理とは、なぜその怪異が生まれなければならなかったのか。
つまり薬売りは、妖怪の姿だけを斬っているのではありません。姿を見て、真実を聞き、その怪異が生まれた理由にたどり着いたうえで、ようやく剣を抜く。
ここが『モノノ怪』という作品の面白さであり、怖さでもあります。
怪異は、ただ外から襲ってくる敵ではありません。
人の感情や記憶や罪や願いが、ある条件のもとで形を持ってしまったものです。
だから退魔の剣を抜くためには、その怪異がどんな姿をしているのかだけでなく、その奥にある真実と、その怪異が生まれた理由まで見なければならない。
そう考えると、劇場版三部作も少し違って見えてきます。
唐傘、火鼠、蛇神は、それぞれ単独の怪異でありながら、最後に現れる百目へ向かうための「形・真・理」でもあったのではないか。
唐傘で、大奥という場所の形が見える。
火鼠で、その内側に燃え残っていた真が露わになる。
蛇神で、その感情が生まれ続けた理にたどり着く。
そして三つが揃ったとき、百目という“大奥に積もった気持ちのモノノ怪”が現れる。
私はこの三部作を、そういう構造の物語として読み直してみたいと思います。
唐傘は、なぜ「傘」でなければならなかったのか

唐傘は、一般的には唐傘小僧、傘おばけ、傘化けなどの名で知られています。
古くなった傘に魂が宿った付喪神として語られることが多く、一本足で跳ね、一つ目で、舌を出した姿で描かれることもあります。

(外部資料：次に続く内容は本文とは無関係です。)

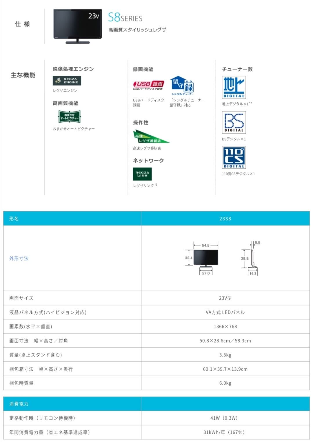 《SALE》23型 TOSHIBA REGZA 液晶テレビ 2014年 23S8
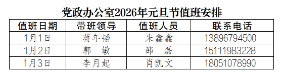 为更好地服务全校师生,保障元旦节期间学校相关工作顺利开展,党政办公室每天均安排值班人员,负责学校校章、党委印章、法人印章、学校合同章、党政办公室印章等用印,学校介绍信开具,公文签发审核,会议室申请及使用等工作,请需求单位或师生按规定流程履行签批手续,其他未尽事宜,请与值班老师联系。
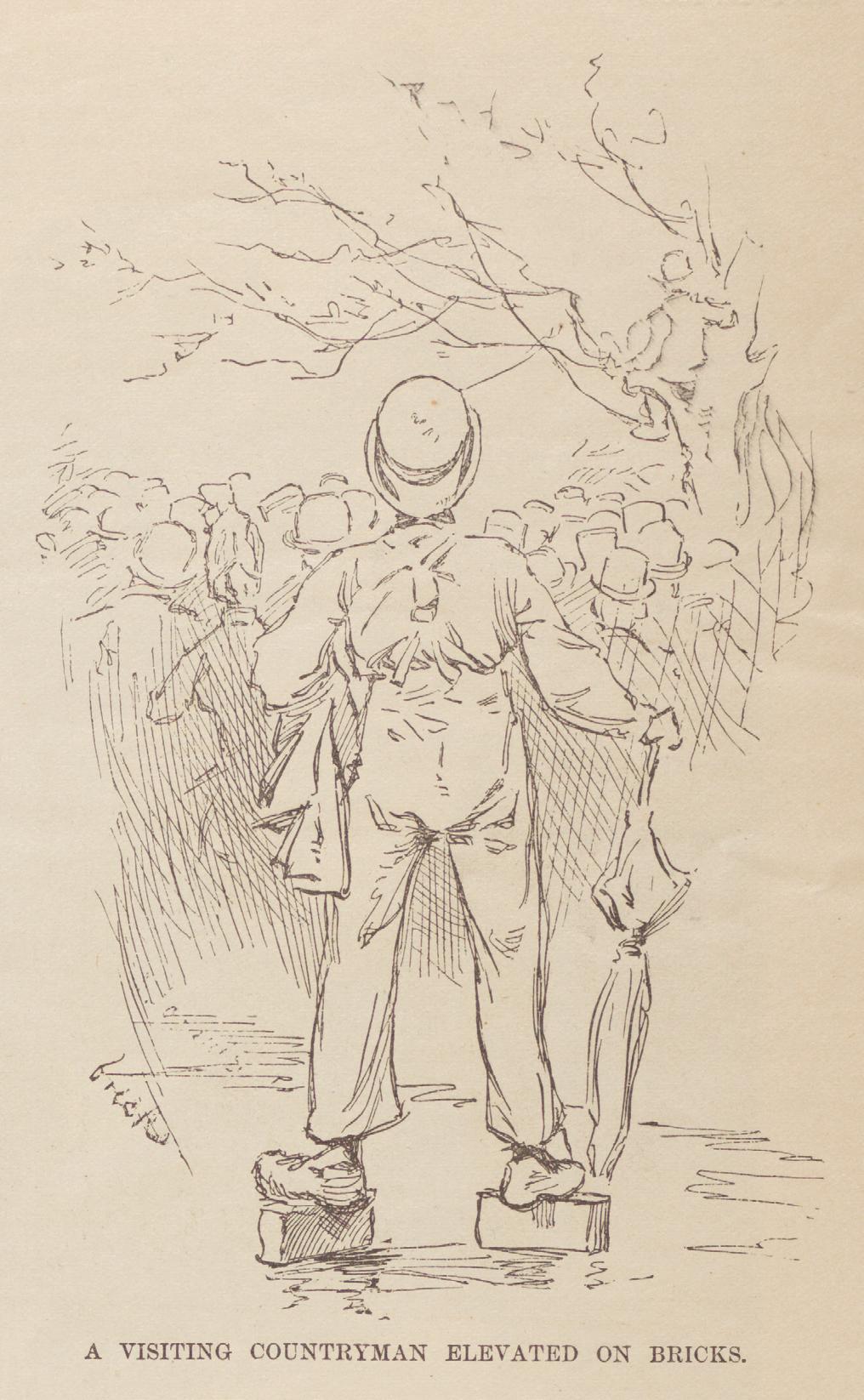 Among the many illustrations included in Frank Leslie’s May 11, 1889, issue are scenes from the enormous five hour military parade that President Harrison reviewed from Madison Square. The paper included a humorous vignette of a “Visiting Countryman” standing on bricks in an effort to see above the crowd and catch a glimpse of the parade.
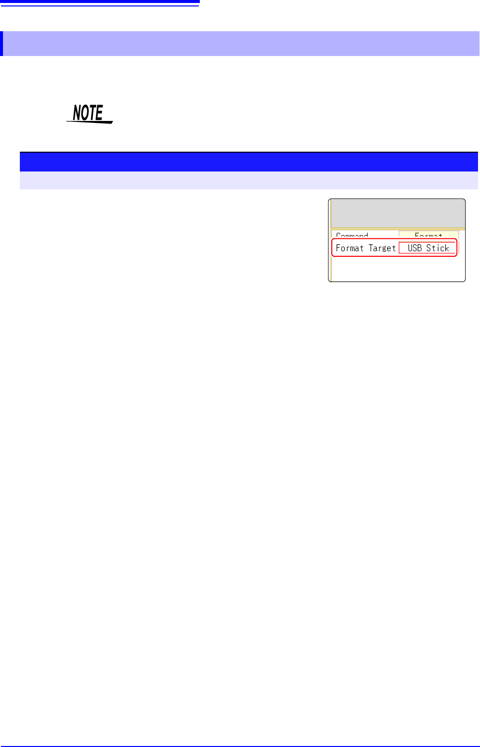 Possible targets for formatting are USB memory stick, and internal memory. During the formatting

怖ろしい怪異というより、どこか滑稽で、夜道に現れて人を驚かせるような妖怪です。
ただし、唐傘は古くから各地に伝わる濃い民間伝承というより、江戸期以降の絵草紙、浮世絵、百鬼夜行図、娯楽作品の中で定着していった図像的・創作的な妖怪としての性格が強いようです。
つまり唐傘は、まず「姿」で知られる怪異です。
一つ目、一本足、傘の形。
見た瞬間に「ああ、唐傘だ」とわかる外見の強さを持っている。
この性質は、劇場版『唐傘』における役割とよく響き合っています。
『唐傘』で描かれる怪異は、単に古い傘が化けたものではありません。そこにあるのは、大奥という場所そのものが持つ異様な形です。

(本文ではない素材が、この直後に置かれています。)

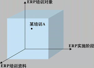 綜合上面談到的ERP培訓(xùn)分析的三個(gè)方面,涉及了ERP實(shí)施階段、培訓(xùn)對(duì)象、培訓(xùn)資料,如果把這三個(gè)方面分別作為三個(gè)維度的話,我們將看到ERP項(xiàng)目的立體培訓(xùn)模型,如圖3所示。
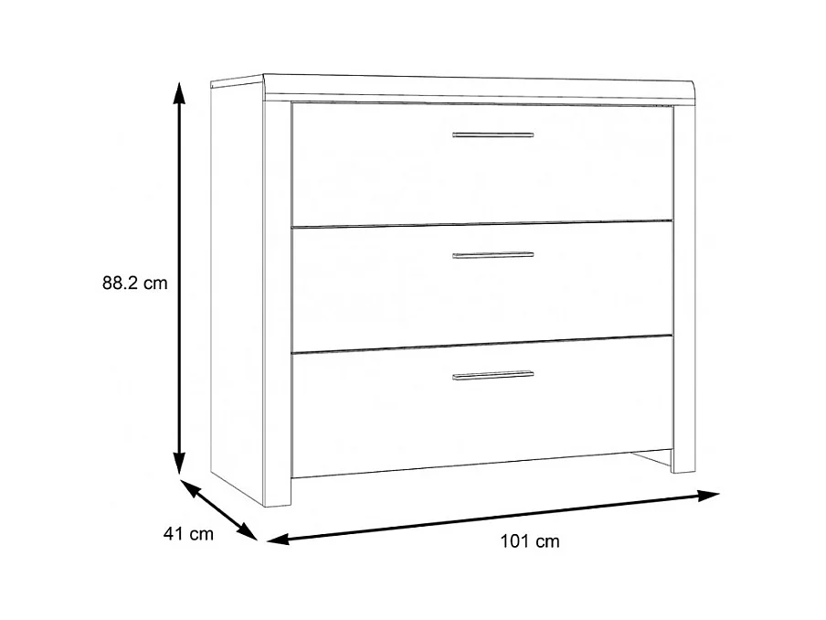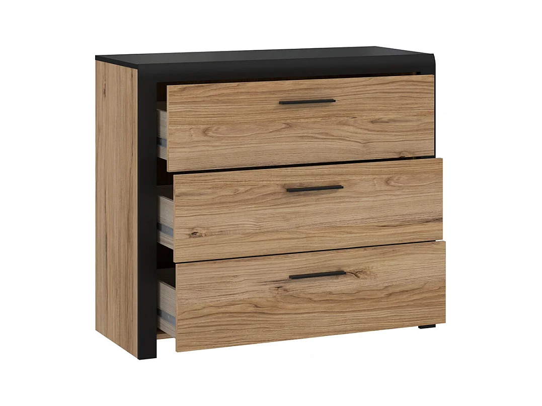 Commode 100 cm 3 tiroirs décor bois de chêne et noir - KAMILA

大奥は、美しい場所として描かれます。極彩色の襖、着物、紙、模様、雨、複雑に重なる画面。けれど、その美しさはただの装飾ではありません。むしろ、その装飾の奥に、人を覆い、包み、隠してしまう圧力がある。
傘は、雨から人を守るものです。
けれど同時に、人の顔を隠すものでもあります。
外から見えなくするもの。内側に閉じ込めるもの。守っているようで、輪郭を奪ってしまうもの。
大奥に入った女性たちは、個人である前に役目を与えられます。名前や感情は、そのままの形では存在しにくくなる。場に合わせて塗り替えられ、覆われ、整えられていく。
そう考えると、『唐傘』の怪異は、唐傘という妖怪そのものを描くというより、大奥という場所がどのような形をしているのかを観客に見せるための怪異だったのではないでしょうか。
唐傘は、人を覆う。
唐傘は、姿を隠す。
唐傘は、外側の形として存在する。
だから第一章の唐傘は、百目に至るための「形」だったのだと思います。
ここでいう形とは、単なる見た目ではありません。
怪異が生まれるための器であり、場所の輪郭です。
まだ真実は見えていない。
まだ理由にも届いていない。
けれど、大奥という場所が人を飲み込むための輪郭だけは、もう見えている。
唐傘は、怪異の入口でした。
大奥というモノノ怪が、どのような形をしているのか。
その最初の姿を見せる章だったのだと思います。
火鼠が暴くのは、炎ではなく「燃えても消えないもの」だ

火鼠は、唐傘とはかなり性格の違う怪異です。
火鼠は日本固有の妖怪というより、中国伝承に由来する存在とされています。火の中に棲む鼠。その毛から作られた布は燃えないとされ、火浣布の伝説とも結びつきます。日本では『竹取物語』に登場する「火鼠の皮衣」が有名です。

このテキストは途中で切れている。